I don’t mean to imply that porn is “wrong” or should be banned or something, just that it’s a popular, mythical outlet the springs forth from our persitently supertitious ideas about sex. If our culture were far more sex-positive I don’t think we’d see less porn, but that it would certainly be of higher quality :p
October 7th, 2005 at 1:15 pm
I see (I think.). You’re saying that, in the same way myths compartmentalize the unexplainable and the unconfrontable in order to make them more managable, porn removes sex and the guilt we carry with it and places it into a contained, distinctive space, one that we can tuck away as if separate from our “meaningful”, emotional relationships.
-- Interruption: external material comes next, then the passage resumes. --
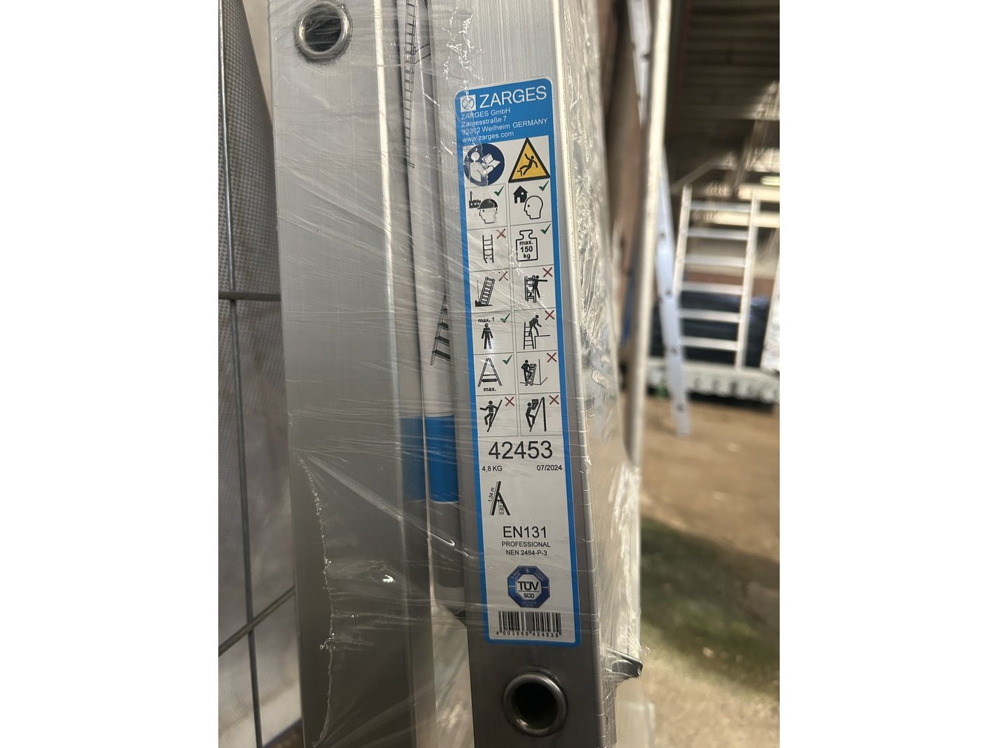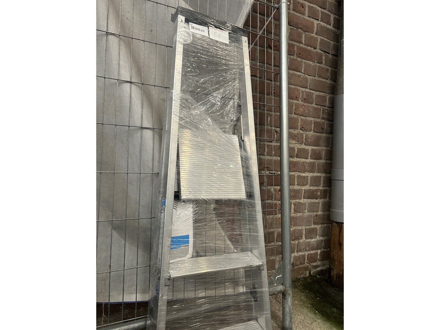 Merk: Zarges Product: Huishoudtrap/geribbelde staande sportladder 3 treden Specificaties: Showroom model. Aantal treden incl. platform 3 Buitenmaat 0.42 m Werkhoogte 2.6 m Ladderlengte 1.34 m Platformhoogte 0.61 m Materiaal Aluminium Aantal treden 3

October 7th, 2005 at 2:01 pm
Worded much, much better, but yes :)
November 11th, 2005 at 5:27 am
A bit late to the debate, but I’d rather say that the vast corpus of sexual vocabulary have to do with the fact that we inject a lot of our sexual desire (i.e: desire as an energy) as fuel to other social activities.
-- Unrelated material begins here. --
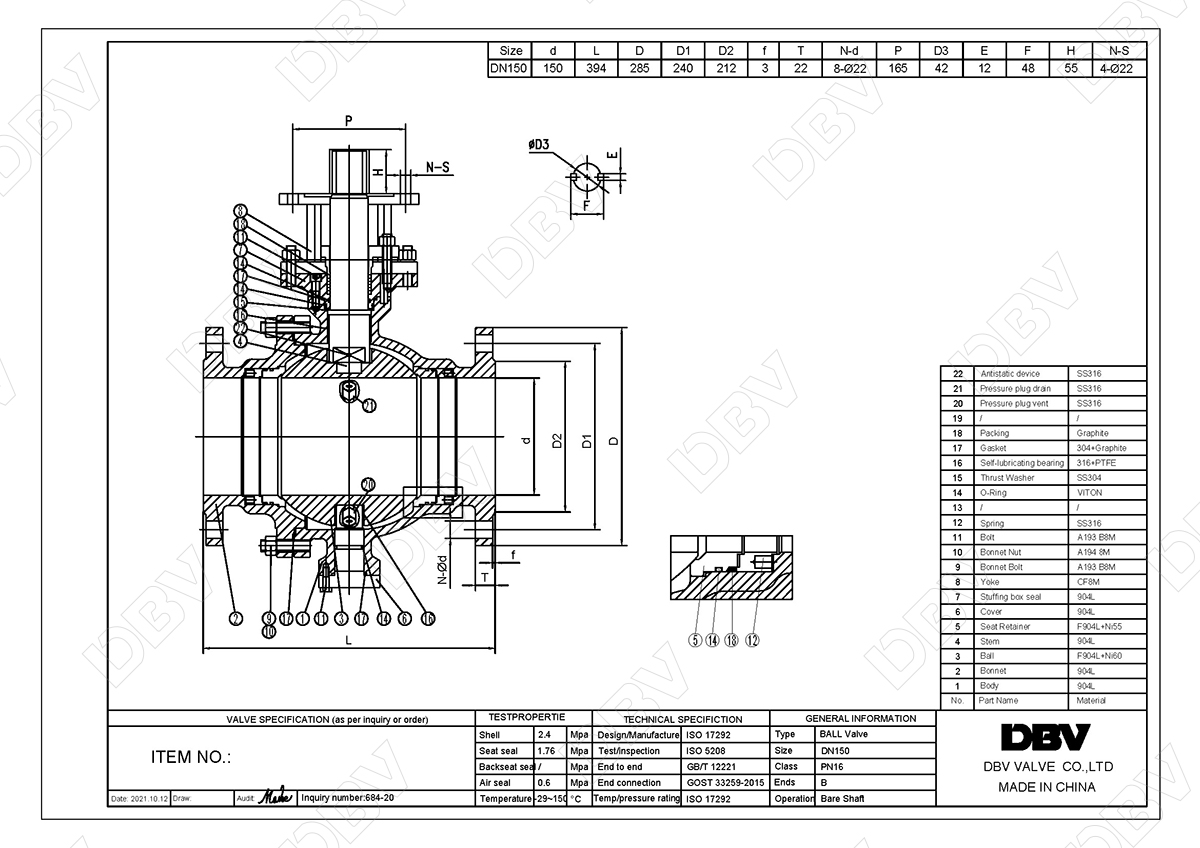 ![]() | 东宝固定球阀(DN≥150,NPS6)采用注脂设计,它有效地避免了阀座环意外损坏导致的泄漏。 | ||

As some ethnologist noted (I think it was Claude Levi-Staruss) there’s nothing as homo-eroticised as the actual process of distributing women among men.
Think of the vocabulary of confrontation: you “fuked” your defeated opponent… intersesting when you compare with the way some other mammals deals with confilcts of power (the winner actualy sodomise the loser, see with dogs). Human males do not do it anymore, they’ve learned to channel the sexual urge that was used to fuel confrontational desire into words, much more economic.
In a way, I can’t but think that’s part of why homosexuality is so decried: the energy that should have been used to advance/protect community has been used for personnal pleasure only (see how, I think in Foucault’s Les Anormaux, the extreme devellopment figure of the monster becomes the masturbator…).
Anyway, this won’t explain everything, but I think it might prove a useful tool.
November 11th, 2005 at 9:49 am
In some human cultures though, sodomy has been used as you describe. In ancient Rome (not really that ancient, when you look at the larger scale of things), you could sodomize a man who committed an offense against - or, even worse, force him to perform oral sex on you. You point out a very interesting link, one that derives anxiety and “badness” from homosexual energy instead heterosexual. Considering the current stance of our society on homoeroticism, that would sure make sense.